Chris Matthews Bizarrely Compares CPAC to Star Wars Cantina
MSNBC's Chris Matthews compared the Conservative Political Action Conference (CPAC) to the cantina from Star Wars in a bizarre rant on Thursday's Hardball. Matthews trashed the gathering and took aim at "the Joe McCarthy imitator" Sen. Ted Cruz.
Matthews couldn't get the event name right, though: "Do you
remember the bar scene in Star Wars with all those wild-eyed creatures
from every part of the solar system? Well today here in Washington the
whole tapestry of weirdness was reenacted at the annual
convention of something called CPAC, the Conservative Political Action
Committee [sic]."
[Video below. Audio here.]
Matthews called CPAC "the far-out sharing space with the even further-out" and called Cruz "the leader of the 'let's torch this place' pack." He then tried to deconstruct Cruz's attack on the IRS. The disparaging on-screen identifier for his subsequent first guest segment: "Clown Car Conference."
In another bizarre rant the day before, on Wednesday, Matthews compared the GOP to himself as a kid brother taking the opposite stance of the older brother, in that case President Obama:
"I generally notice that whenever President Obama takes a position, the other party attacks it, then takes another position for itself. It reminds me of how as a kid, my older brother Bert would root for the New York Yankees, forcing me out of the second-oldest birthright, to root for the Cleveland Indians, of course. How he would root for the Navy, and of course forcing me to take the side of the Army. How he would root for the North in the civil war, and I would have to root for the South."
Below is a transcript of the segment at the top of the Thursday, March 6 Hardball:
CHRIS MATTHEWS: Do you remember the bar scene in Star Wars with all
those wild-eyed creatures from every part of the solar system? Well
today here in Washington the whole tapestry of weirdness was reenacted
at the annual convention of something called CPAC, the Conservative
Political Action Committee [sic]. Well actually "conservative" doesn't
quite capture this out of this world jamboree. At CPAC, it's the far-out
sharing space with the even further-out, a place for the crazy car to
fill up with the usual suspects, Cruz and Paul and Rubio and Bobby
Jindal, while gassing up with the craziest bunch of ideas since Rick
"oops" Perry couldn't remember the list of government agencies he wanted
to kill, and ended up yelling, as I said, "oops."

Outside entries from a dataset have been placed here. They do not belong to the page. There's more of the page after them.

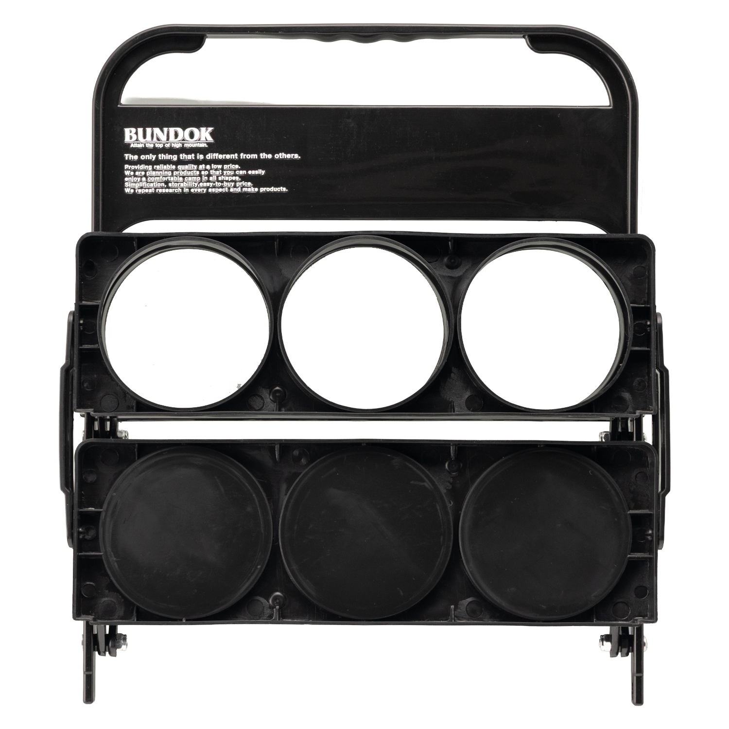 バーベキューのドリンクホルダーに。使わないときは平らにたたんで収納できます。レジャーやスタジアムスポーツ観戦に!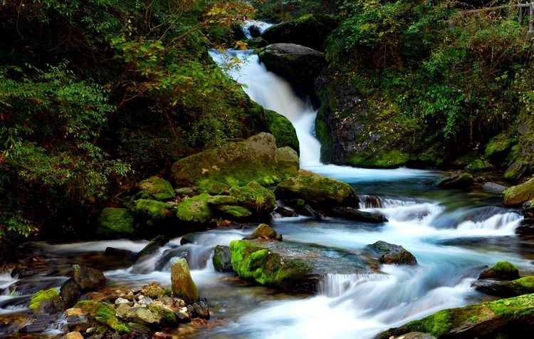 10余公里长的深山峡谷,鬼斧神工般地锻造出白马潭、黑龙潭、虎啸潭等十八潭美景。潭水或飞流直下,形成瀑布;或拍石打岸,聚流成潭。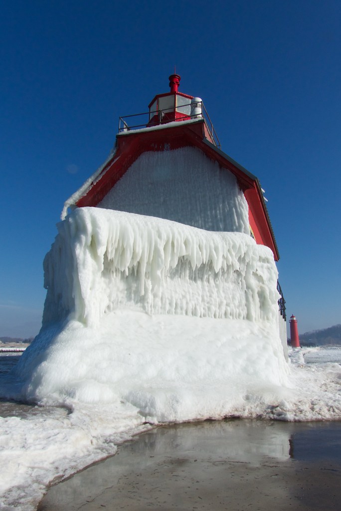 Frigid temperatures, strong winds, snow and freezing spray have created dramatic ice formations along Lake Michigan’s shoreline, with ice coverage on the lake reaching more than 35% earlier than normal this week. The severe conditions have coated iconic lighthouses in Grand Haven, South Haven and St. Joseph with thick layers of ice, with very impressive designs. Strong winds, crashing waves and long cold snaps can sculpt layers and ribbons of ice and icicles on the towers and catwalks, creating dramatic forms that often appear on the national news.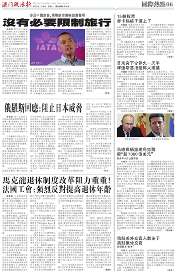 本报讯 据俄罗斯卫星社报道,美国国务院发言人内德·普赖斯1月4日称,俄罗斯在美国的外交官比美国在俄罗斯的外交官多,需要落实对等原则。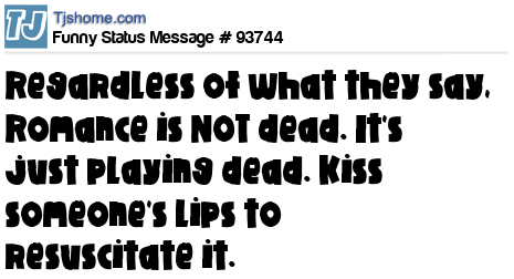 X says Regardless of what they say, Romance is NOT dead. It's just playing dead. Kiss someone's lips to resuscitate it.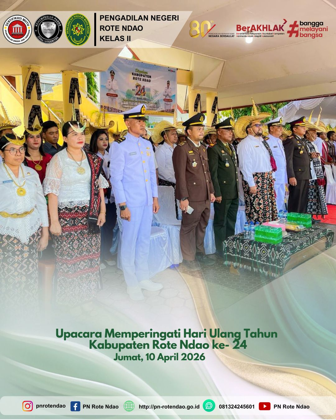 Pada hari Jumat, 10 April 2026, Ketua Pengadilan Negeri Rote Ndao yang diwakilkan oleh Bapak Muhammad Kafri Pratama, S.H. sebagai Hakim Pengadilan Negeri Rote Ndao bersama Panitera Alfonsus Hoinbala, S.H. dan Sekretaris Bapak Riset Djami, S.Kom., S.H. mengikuti undangan Upacara dan Syukuran Memperingati Hari Ulang Tahun Kabupaten Rote Ndao ke 24. Undangan kegiatan ini dihadiri oleh segenap Pejabat Daerah Kabupaten Rote Ndao dan Pimpinan Forkopimda.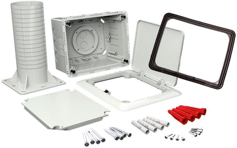 Uniwersalna puszka połączeniowa do instalowania urządzeń elektrycznych (np. sprzętu elektrycznego, gniazd dystrybucyjnych, itp.) na docieplanych elewacjach budynków o grubości od 120 do 330 mmWytrzymała konstrukcjaEliminacja powstawania mostów cieplnychW komplecie z puszką znajduje się nośnik (tuba) oraz otwierana pokrywa z gumową uszczelką

The leader of the "let's torch this place" pack today was Ted Cruz, the
Joe McCarthy imitator who belted out a plan to kill the IRS, a plan
which the crowd applauded wildly, unaware of the small detail that Ted's
plan would kill the very system of tax write-offs that finances
happenings like this CPAC convention in the first place. It turns out,
as I said, that just about every organization in that crazy room today,
the Tea Party Patriot, the NRA, the Heritage Foundation, Americans for
Prosperity, the American Conservative Union, et cetera, et cetera, all
benefit from the tax write-offs and extensions courtesy of today's IRS
system, the brilliant Ted Cruz promised those blithely unknowing folks
that he would simply abolish.
Well, having trashed the right-wing group's financial base, Cruz then
lit up the room by trashing nearly every Republican nominee of the last
quarter century. He said they lacked principle, which he made clear
today means not just abolishing the IRS, but all kinds of right-wing
goodies like any regulation of Wall Street and any health care program.
Nothing, nothing must be done to either stand in the way of the rich or
stand up for Americans who are struggling today. It was pure Koch
Brothers populism being sold out there today. Words and phrases crafted
to heat up the peanut gallery, translating to cold cash for the
(Unintelligible) billionaires who approve the script.